* WORK REQUIRED
Go to the line containing "諗起鋸扒就諗到去舊金鳳,今次" below; retype it and all following lines exactly, and leave out the pictures.

* DATA SECTION

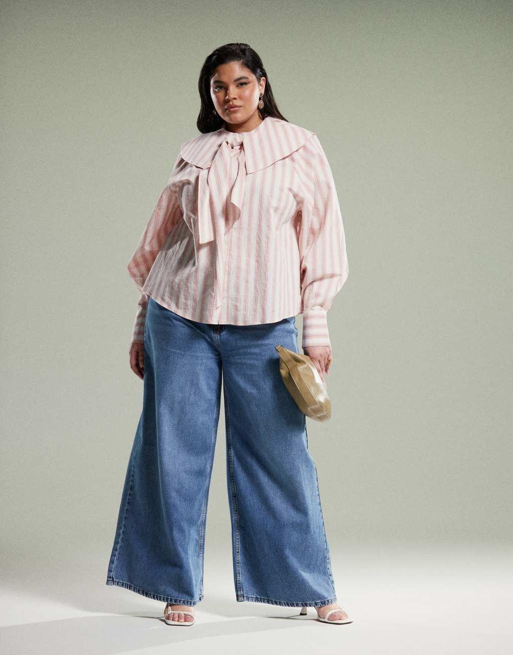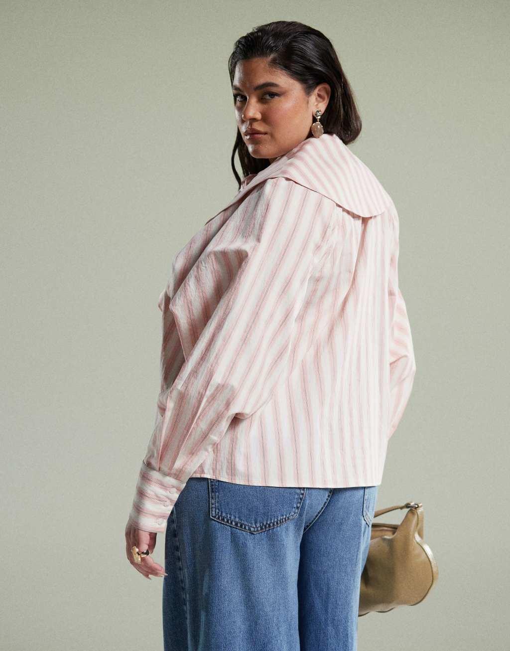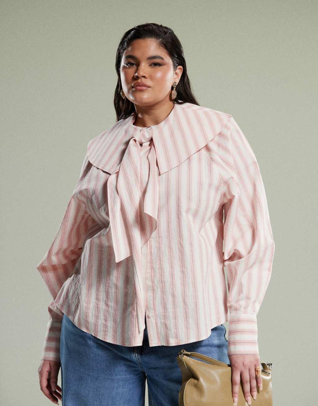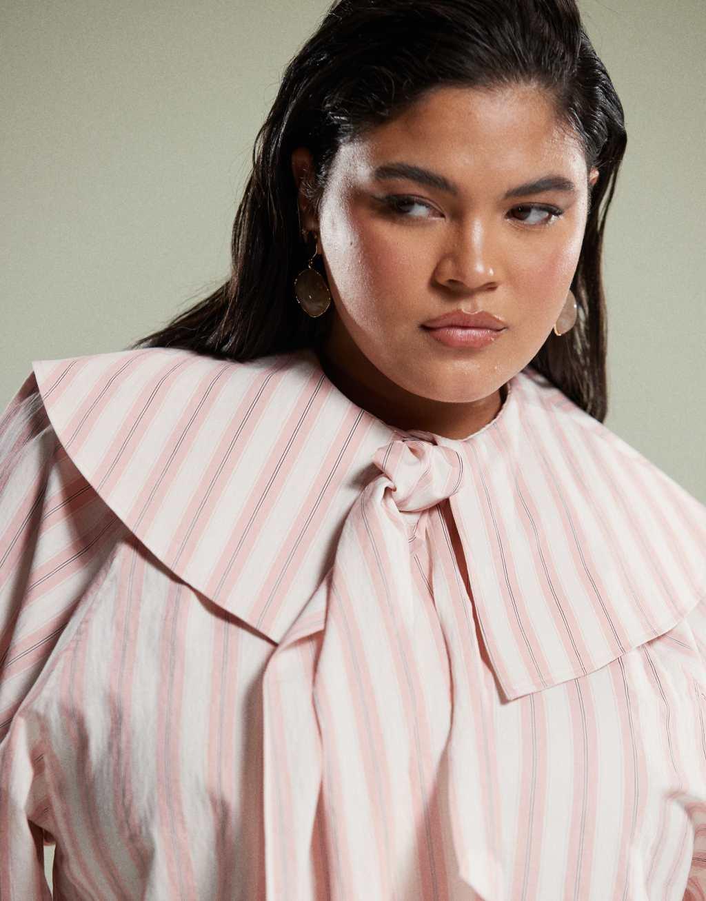 ASOS DESIGN Curve shirt with large collar and tie detail in pink stripe
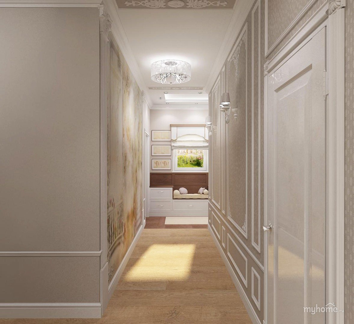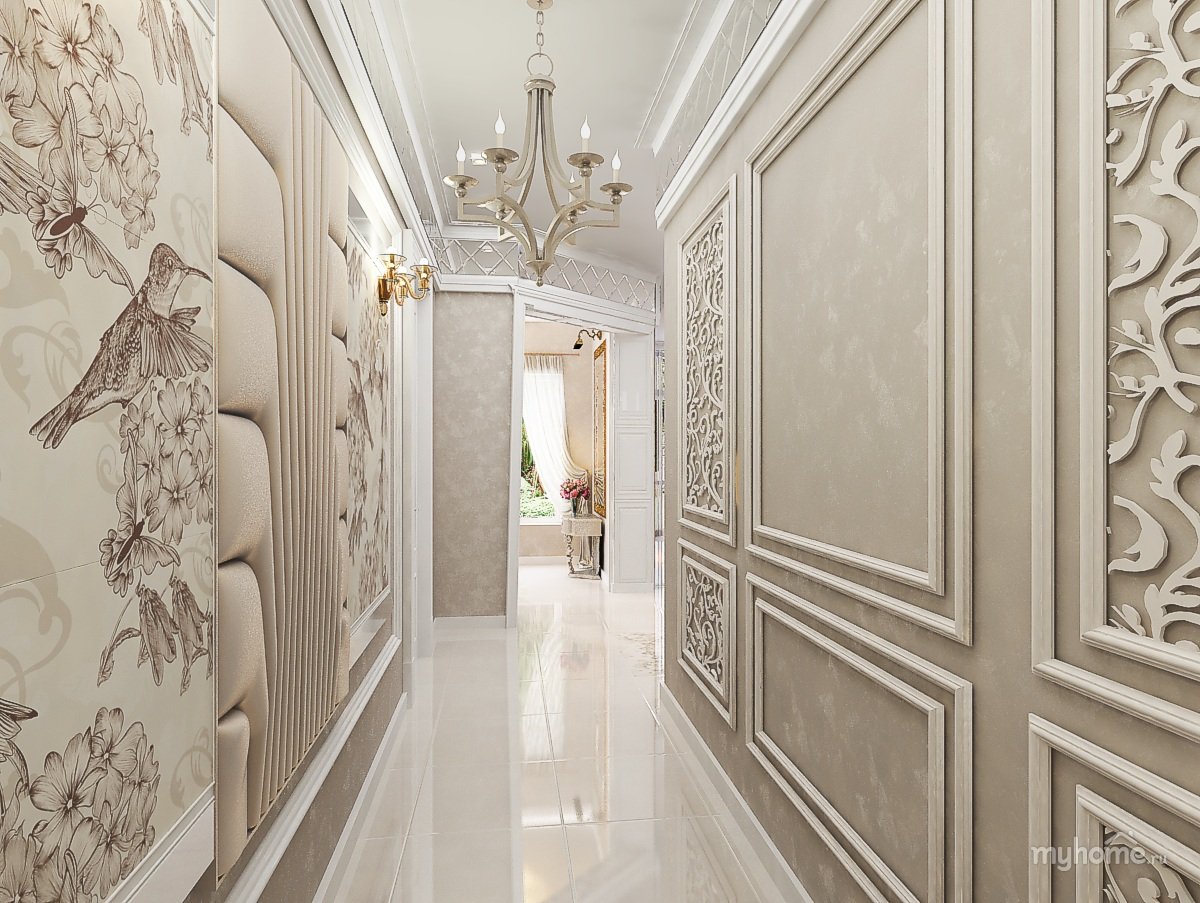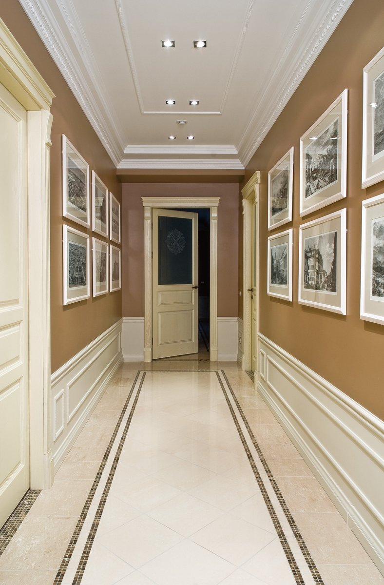 Коридор с молдингами на стенах
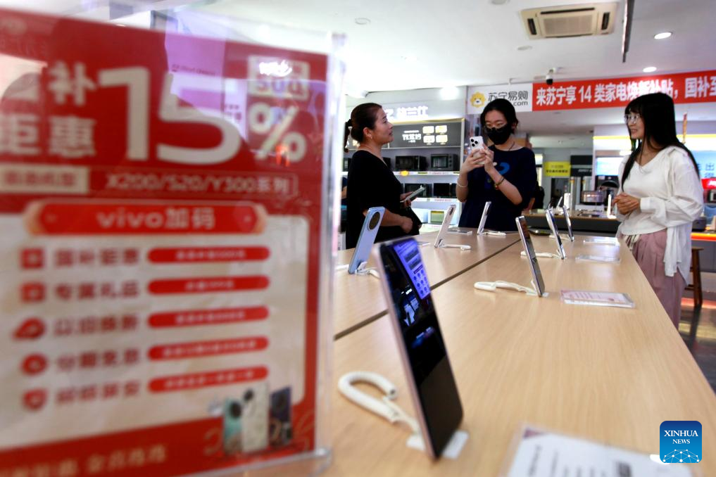 A man selects mobile phone at a shop in Binzhou City, east China's Shandong Province, Aug. 9, 2025. China's consumer price index (CPI), a main gauge of inflation, climbed 0.4 percent in July compared with the previous month, reversing a 0.1-percent drop in June and exceeding the average seasonal pace of 0.3 percent, data from the National Bureau of Statistics (NBS) showed Saturday. (Photo by Chu Baorui/Xinhua)
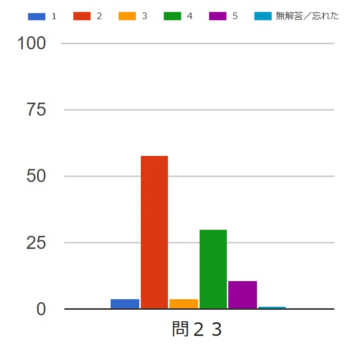 本問は、2023年度問 22 と絵表示と選択肢が入れ替わっているだけで、全く同じ種類の問題である。ただ、2023 年度の正答率が高かったのに対して、今回の正答率はあまり高くはなかった。
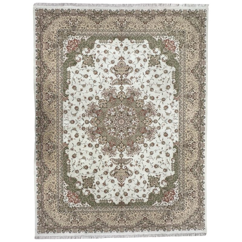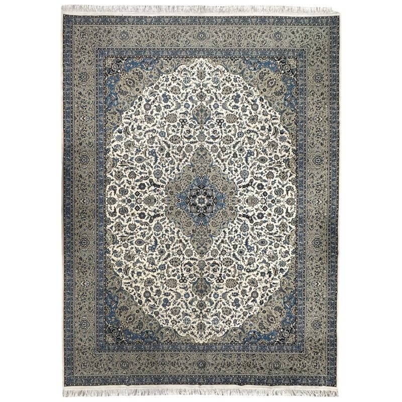 389 x 277cm Hand Knotted Floral Persian Kashan Cream Wool Rug
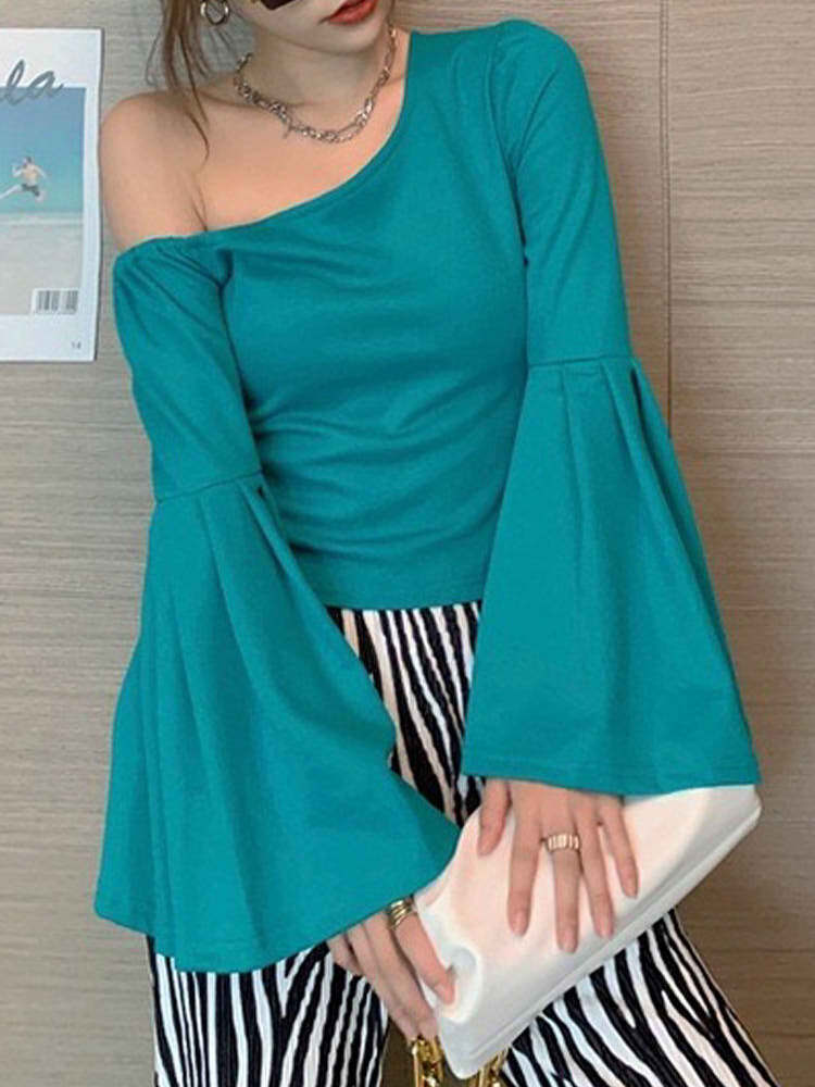 【即納】1点限定 ワンショルダーベルスリーブカットソー セクシーコーデ かっこいい 大人 人気 トレンド 大きいサイズ 韓国 CH8408
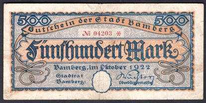 Germany. Bamberg. 500 Mark October 1922 04203 VF. DY20516
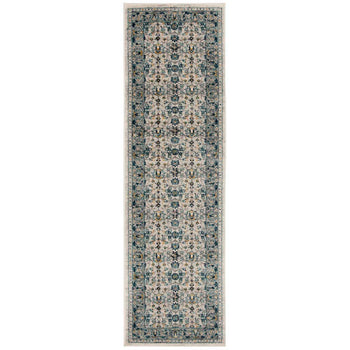 Whether you're looking to accent your living room, bedroom, or study, this rug brings both function and elegance to your space. Its antique-inspired pattern imbues your home with a touch of history while modern construction techniques offer contemporary reliability. Make a statement with this gorgeous navy and creme rug that harmoniously blends tradition with modern living.
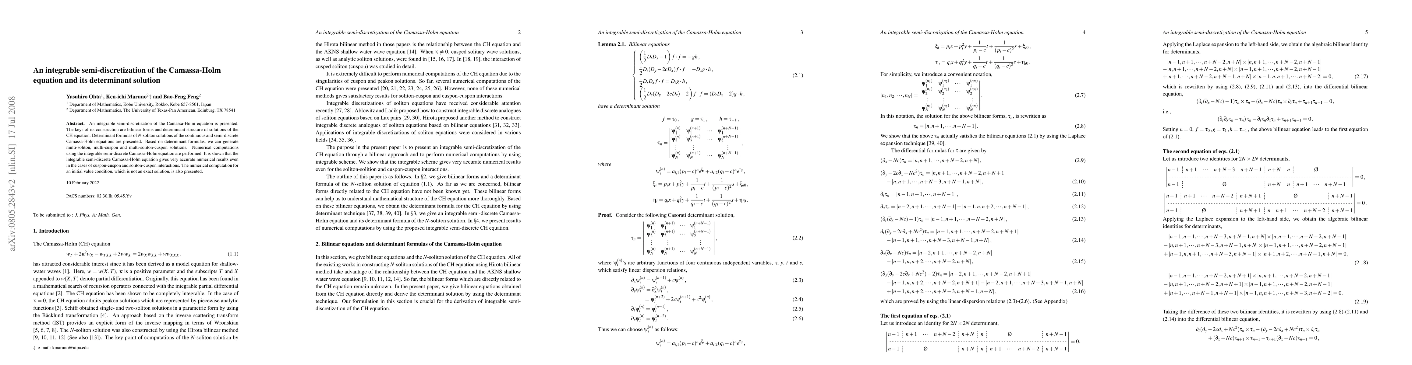 This paper presents an integrable semi-discretization of the Camassa-Holm equation using bilinear forms and determinant structures. It provides determinant formulas for $N$-soliton solutions and demonstrates accurate numerical results for multi-soliton, multi-cuspon, and soliton-cuspon interactions.
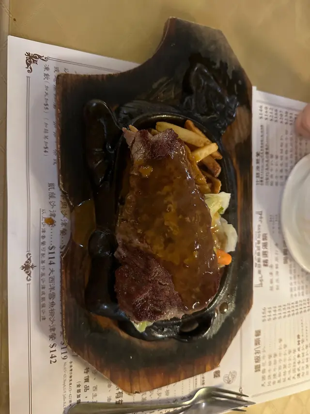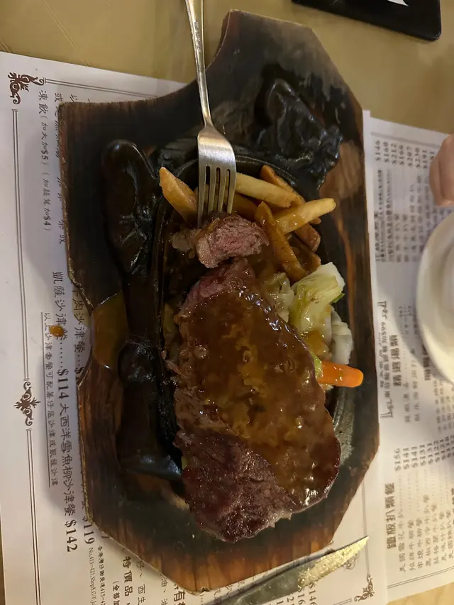 諗起鋸扒就諗到去舊金鳳,今次叫左牛柳餐及什扒餐。先黎餐飽,餐飽暖暖地,係一個櫃桶度拎出嚟,算ok啦。餐湯,白湯內D粟米蓉一堆堆怪怪地,白湯同紅湯都算ok啦。牛柳方面,冇乜味,牛柳應該有2cm厚,叫左5乘但睇落7乘,但絕對唔關鐵板事,因為牛柳底有薯條及菜隔住鐵板,D菜都唔見得燶咗,算ok啦。什扒就伏伏地,牛扒、朱扒、火鷄扒及腸仔,全部扒都無乜味,但勝在大大件(除咗火鷄扒)。最後杯飲品,杯飲品超細杯,熱飲的話一啖都冇左三分一,凍飲唔知有冇250ml,絕對絕對唔可以解渴。價錢方面都唔係平,所以性價比算中中間間。每次入去都係想食個環境,同埋易搵位。…查看更多
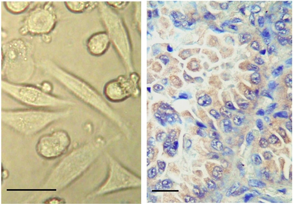 Fig. 5. Necrosis induced by 4-HNE. 4-HNE added at 100 µM to human carcinoma cells (HeLa; ATCC, Manassas, VA, USA) in vitro induces necrosis in some cells in less than five minutes, which is associated with the shrinking of the cells into a rounded, pyknotic shape associated with lipid peroxidation of the cellular membrane manifested by blebbing (left photo, no staining, magnification 650
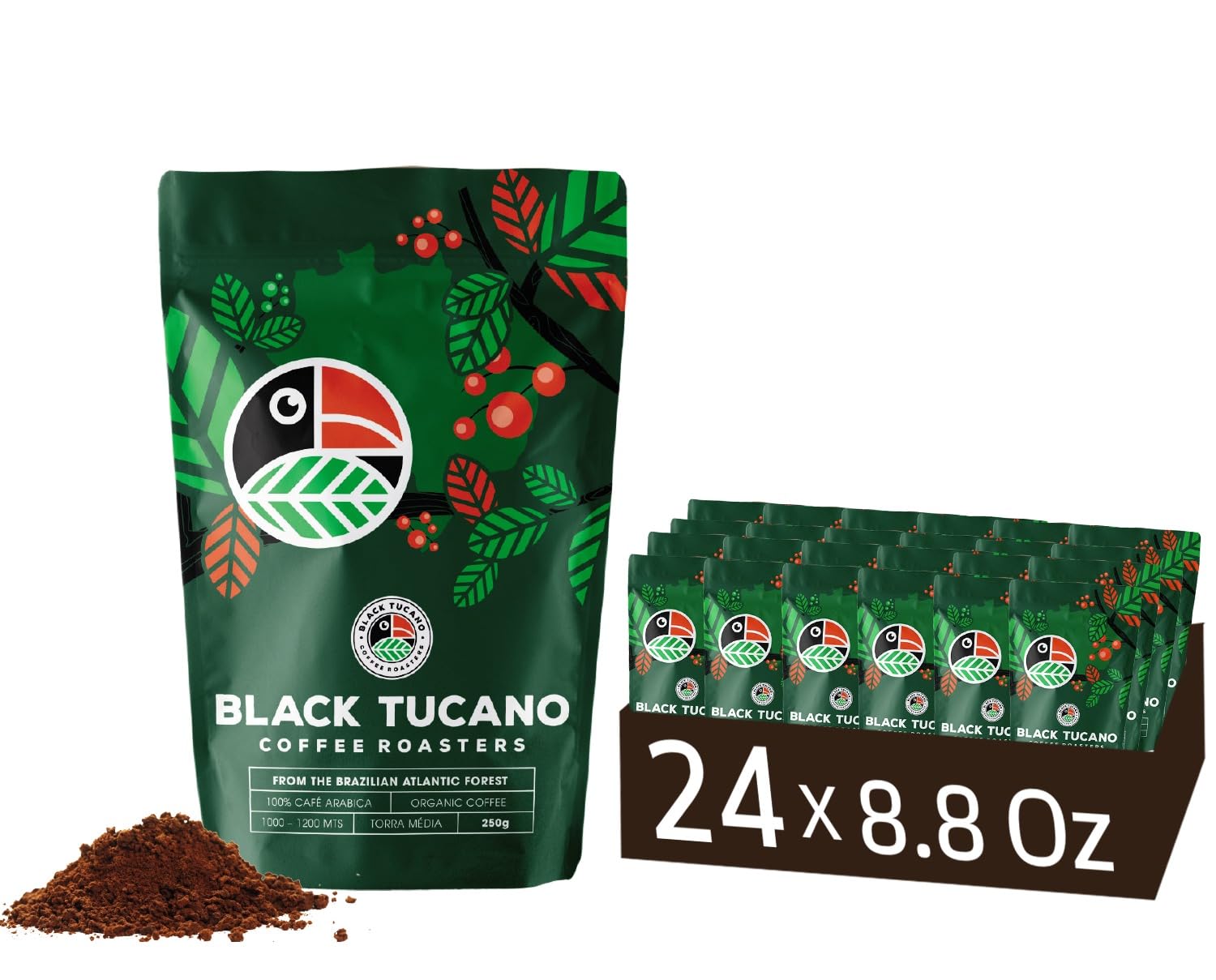 Black Tucano Brazilian Specialty Medium Roast Organic Coffee - Premium 86+ Points - Ground Coffee - 250g 24 Pack
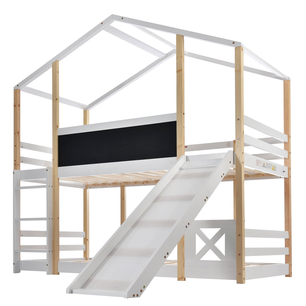 Children's Bed Tree House, Loft Bed with Slide & Ladder, 90x200cm, Natural & White
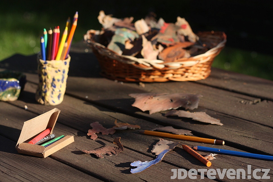 Pro kreslení na kůru se nejlépe osvědčily akvarelové pastelky nebo voskovky a měkká tužka. Pro zvýraznění detailů lze použít i tenký černý fix.

* ANSWER
 諗起鋸扒就諗到去舊金鳳,今次叫左牛柳餐及什扒餐。先黎餐飽,餐飽暖暖地,係一個櫃桶度拎出嚟,算ok啦。餐湯,白湯內D粟米蓉一堆堆怪怪地,白湯同紅湯都算ok啦。牛柳方面,冇乜味,牛柳應該有2cm厚,叫左5乘但睇落7乘,但絕對唔關鐵板事,因為牛柳底有薯條及菜隔住鐵板,D菜都唔見得燶咗,算ok啦。什扒就伏伏地,牛扒、朱扒、火鷄扒及腸仔,全部扒都無乜味,但勝在大大件(除咗火鷄扒)。最後杯飲品,杯飲品超細杯,熱飲的話一啖都冇左三分一,凍飲唔知有冇250ml,絕對絕對唔可以解渴。價錢方面都唔係平,所以性價比算中中間間。每次入去都係想食個環境,同埋易搵位。…查看更多
 Fig. 5. Necrosis induced by 4-HNE. 4-HNE added at 100 µM to human carcinoma cells (HeLa; ATCC, Manassas, VA, USA) in vitro induces necrosis in some cells in less than five minutes, which is associated with the shrinking of the cells into a rounded, pyknotic shape associated with lipid peroxidation of the cellular membrane manifested by blebbing (left photo, no staining, magnification 650
 Black Tucano Brazilian Specialty Medium Roast Organic Coffee - Premium 86+ Points - Ground Coffee - 250g 24 Pack
 Children's Bed Tree House, Loft Bed with Slide & Ladder, 90x200cm, Natural & White
 Pro kreslení na kůru se nejlépe osvědčily akvarelové pastelky nebo voskovky a měkká tužka. Pro zvýraznění detailů lze použít i tenký černý fix.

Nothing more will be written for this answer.